Day and Diligence took elaborate precautions to make sure Enright wasn’t himself a plant or a corporate spy. In this business, one can never be too paranoid. Who knew what schemes the opposing spies were working on? After every meeting, operatives from Diligence followed Enright to his next destination. And when he left his meetings with Enright, Day followed a process spies call “dry cleaning,” designed to detect whether he himself was being followed. He walked a prescribed route through several narrow choke points.
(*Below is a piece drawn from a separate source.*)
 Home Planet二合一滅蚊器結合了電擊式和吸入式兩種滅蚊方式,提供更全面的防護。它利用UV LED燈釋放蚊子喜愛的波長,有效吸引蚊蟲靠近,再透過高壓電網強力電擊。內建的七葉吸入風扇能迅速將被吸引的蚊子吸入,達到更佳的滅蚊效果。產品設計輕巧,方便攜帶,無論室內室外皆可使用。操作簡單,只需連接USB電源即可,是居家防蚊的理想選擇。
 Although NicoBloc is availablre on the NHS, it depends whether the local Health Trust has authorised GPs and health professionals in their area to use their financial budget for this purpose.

That way, Diligence’s employees in preset lookout positions could identify anyone who might have been tailing Nick Day.

Day knew that there were a lot of spies on contract in the battle between Alfa and IPOC. His firm worked alongside allies at other private spy firms who were hired to work other angles of the complicated case. And Day had created a detailed dossier on the long list of spy firms that he believed were working on IPOC’s side of the battle, and that might at any moment be targeting his own operation.
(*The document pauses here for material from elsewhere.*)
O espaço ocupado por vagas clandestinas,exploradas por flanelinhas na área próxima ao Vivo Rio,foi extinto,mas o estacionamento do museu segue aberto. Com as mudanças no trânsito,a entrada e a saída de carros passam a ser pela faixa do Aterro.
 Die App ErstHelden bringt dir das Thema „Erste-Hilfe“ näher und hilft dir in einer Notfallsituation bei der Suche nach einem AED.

But the most dangerous threat to any spying operation doesn’t come from outside. It comes from within. On the morning of October 18, 2005, an anonymous package turned up at the front door of the offices of KPMG in Montvale, New Jersey. Inside were detailed internal business records from Diligence, including e-mails and other documents, which made it clear to managers at KPMG that their firm had experienced a terrible leak, and Diligence—a firm they had never heard of before—had access to KPMG’s innermost secrets. To this day, it is impossible to say for sure who tipped off KPMG. But Nick Day suspected a recently fired employee who had access to scores of Diligence operations, including the documents dropped at KPMG.

 

M
IKE
B
AKER SETTLES
into a plush armchair by the bar at the Four Seasons Hotel in Manhattan with the nimbleness of a man who has spent much of his life slipping into and out of quick conferences in posh hotels like this around the world. With spiky hair and boyish good looks just beginning to show the signs of age, at forty-eight this veteran CIA man could pass for the actor Kevin Bacon. As if to enhance his Hollywood image, Baker is wearing a black suit and white shirt unbuttoned to the point where a tuft of graying chest hair is just visible.

Mike Baker cofounded Diligence with Nick Day, and he’s here to explain how the firm got its start. With a smile, he promises a boring interview.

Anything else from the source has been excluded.